The key here is that you pay off as much of the loan as possible, if not all of it. The closer the remaining balance is to zero, the more it will benefit your credit score. For a little bit of perspective, I paid off a $30,000 auto loan, another $20,000 auto loan, and student loans totaling $11,000. Almost immediately after I did this, my credit score improved.

6. Don’t Apply for Loans or Credit Cards for at Least a Year

Once you’ve paid down your installment loans, I suggest you stop applying for loans and credit cards altogether. By this point, you should have a few credit cards in your wallet, a couple of paid off cars, and a mortgage. When you’re in this position, there is really no need to apply for more credit.

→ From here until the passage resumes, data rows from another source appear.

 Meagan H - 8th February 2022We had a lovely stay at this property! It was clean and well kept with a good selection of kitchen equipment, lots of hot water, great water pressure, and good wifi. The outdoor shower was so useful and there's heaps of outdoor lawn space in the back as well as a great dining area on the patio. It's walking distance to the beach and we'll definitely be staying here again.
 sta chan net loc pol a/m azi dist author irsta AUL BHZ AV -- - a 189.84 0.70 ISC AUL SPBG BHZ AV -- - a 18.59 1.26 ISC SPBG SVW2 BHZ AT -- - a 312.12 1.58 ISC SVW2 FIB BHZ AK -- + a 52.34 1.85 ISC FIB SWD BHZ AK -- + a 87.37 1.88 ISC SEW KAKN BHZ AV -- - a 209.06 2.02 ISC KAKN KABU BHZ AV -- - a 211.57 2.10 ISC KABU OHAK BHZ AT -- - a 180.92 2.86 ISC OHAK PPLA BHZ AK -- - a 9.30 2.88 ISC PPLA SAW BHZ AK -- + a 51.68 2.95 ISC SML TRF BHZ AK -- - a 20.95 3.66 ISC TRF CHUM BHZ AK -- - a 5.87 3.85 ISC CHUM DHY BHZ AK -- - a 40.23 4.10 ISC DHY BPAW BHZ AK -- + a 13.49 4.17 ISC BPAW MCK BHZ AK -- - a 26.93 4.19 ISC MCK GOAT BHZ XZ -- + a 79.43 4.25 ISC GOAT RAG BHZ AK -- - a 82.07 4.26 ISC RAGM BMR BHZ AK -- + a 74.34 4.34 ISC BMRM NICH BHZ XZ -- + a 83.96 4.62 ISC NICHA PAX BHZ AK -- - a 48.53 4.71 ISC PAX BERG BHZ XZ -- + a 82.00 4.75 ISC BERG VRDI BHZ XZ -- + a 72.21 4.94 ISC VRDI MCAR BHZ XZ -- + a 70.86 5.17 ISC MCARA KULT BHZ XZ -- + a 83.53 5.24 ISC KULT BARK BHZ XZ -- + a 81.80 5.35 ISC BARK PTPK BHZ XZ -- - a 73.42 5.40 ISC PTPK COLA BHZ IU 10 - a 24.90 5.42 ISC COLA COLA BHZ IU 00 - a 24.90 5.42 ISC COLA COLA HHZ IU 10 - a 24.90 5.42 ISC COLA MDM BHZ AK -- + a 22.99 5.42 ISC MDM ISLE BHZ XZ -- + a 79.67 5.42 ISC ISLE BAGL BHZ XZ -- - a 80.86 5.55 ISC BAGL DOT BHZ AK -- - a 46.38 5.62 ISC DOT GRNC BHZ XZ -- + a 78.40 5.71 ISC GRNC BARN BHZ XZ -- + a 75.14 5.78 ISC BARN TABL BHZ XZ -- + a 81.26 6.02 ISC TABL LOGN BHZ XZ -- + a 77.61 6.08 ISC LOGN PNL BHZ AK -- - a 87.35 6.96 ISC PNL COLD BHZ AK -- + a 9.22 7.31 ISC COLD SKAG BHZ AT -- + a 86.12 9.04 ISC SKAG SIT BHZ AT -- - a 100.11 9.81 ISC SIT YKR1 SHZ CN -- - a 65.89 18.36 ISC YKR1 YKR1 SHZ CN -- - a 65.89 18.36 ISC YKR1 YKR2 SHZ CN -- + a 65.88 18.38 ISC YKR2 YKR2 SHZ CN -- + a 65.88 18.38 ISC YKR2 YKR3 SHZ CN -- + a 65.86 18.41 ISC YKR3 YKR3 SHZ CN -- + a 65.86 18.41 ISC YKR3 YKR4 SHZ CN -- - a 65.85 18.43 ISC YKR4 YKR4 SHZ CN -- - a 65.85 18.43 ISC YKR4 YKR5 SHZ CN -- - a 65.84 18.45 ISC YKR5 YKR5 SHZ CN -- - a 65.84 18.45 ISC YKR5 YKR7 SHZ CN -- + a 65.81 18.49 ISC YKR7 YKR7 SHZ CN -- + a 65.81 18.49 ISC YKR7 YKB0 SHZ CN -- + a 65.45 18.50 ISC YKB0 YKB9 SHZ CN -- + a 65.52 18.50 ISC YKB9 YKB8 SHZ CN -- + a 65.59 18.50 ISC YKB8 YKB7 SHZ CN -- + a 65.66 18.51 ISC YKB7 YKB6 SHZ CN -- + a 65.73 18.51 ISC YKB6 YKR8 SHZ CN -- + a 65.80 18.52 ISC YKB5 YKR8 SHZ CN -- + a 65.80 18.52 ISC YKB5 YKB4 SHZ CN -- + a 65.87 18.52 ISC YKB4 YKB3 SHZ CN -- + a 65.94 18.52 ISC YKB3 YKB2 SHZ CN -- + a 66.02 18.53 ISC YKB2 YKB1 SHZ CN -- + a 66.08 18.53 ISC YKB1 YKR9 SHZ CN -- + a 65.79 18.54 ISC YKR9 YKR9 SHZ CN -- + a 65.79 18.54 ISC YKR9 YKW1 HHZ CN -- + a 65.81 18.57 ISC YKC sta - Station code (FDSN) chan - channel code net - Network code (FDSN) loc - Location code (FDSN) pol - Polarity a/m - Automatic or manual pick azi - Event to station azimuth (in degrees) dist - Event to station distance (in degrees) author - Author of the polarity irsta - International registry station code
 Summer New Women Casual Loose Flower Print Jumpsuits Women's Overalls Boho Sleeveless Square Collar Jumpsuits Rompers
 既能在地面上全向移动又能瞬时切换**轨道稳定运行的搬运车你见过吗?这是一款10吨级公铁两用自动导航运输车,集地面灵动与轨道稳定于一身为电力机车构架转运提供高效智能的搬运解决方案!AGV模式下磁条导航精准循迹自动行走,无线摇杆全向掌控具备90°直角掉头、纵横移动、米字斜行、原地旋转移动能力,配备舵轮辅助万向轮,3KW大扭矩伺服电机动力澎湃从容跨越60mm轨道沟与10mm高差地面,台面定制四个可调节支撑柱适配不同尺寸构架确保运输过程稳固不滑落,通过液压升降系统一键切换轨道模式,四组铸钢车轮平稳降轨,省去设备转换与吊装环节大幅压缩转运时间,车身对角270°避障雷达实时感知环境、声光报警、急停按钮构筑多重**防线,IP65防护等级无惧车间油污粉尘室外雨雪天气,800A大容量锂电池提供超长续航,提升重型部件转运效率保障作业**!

By not applying for credit, you won’t get any hard inquires on your credit report and this does wonders for your credit score. If you need to apply for credit, just keep in mind that it will set you back about a year. Again, you should be in a situation by this point where you don’t need anymore credit.

7. Wait, Wait, Then Wait Some More

Lastly, you simply have to continue to establish a positive credit history. That is, keep making your payments on time and make sure you don’t get any negative entries like collections. The older your accounts are the better your credit score will be. For example, my oldest credit card is 15 years old, and my average credit card is 8 years old.

Perhaps waiting is the most difficult, but you really shouldn’t be in a hurry. Once you’ve reached this point, you don’t need much credit anymore, so your score isn’t as important. At this point it all sort of becomes a game to see how high you can go.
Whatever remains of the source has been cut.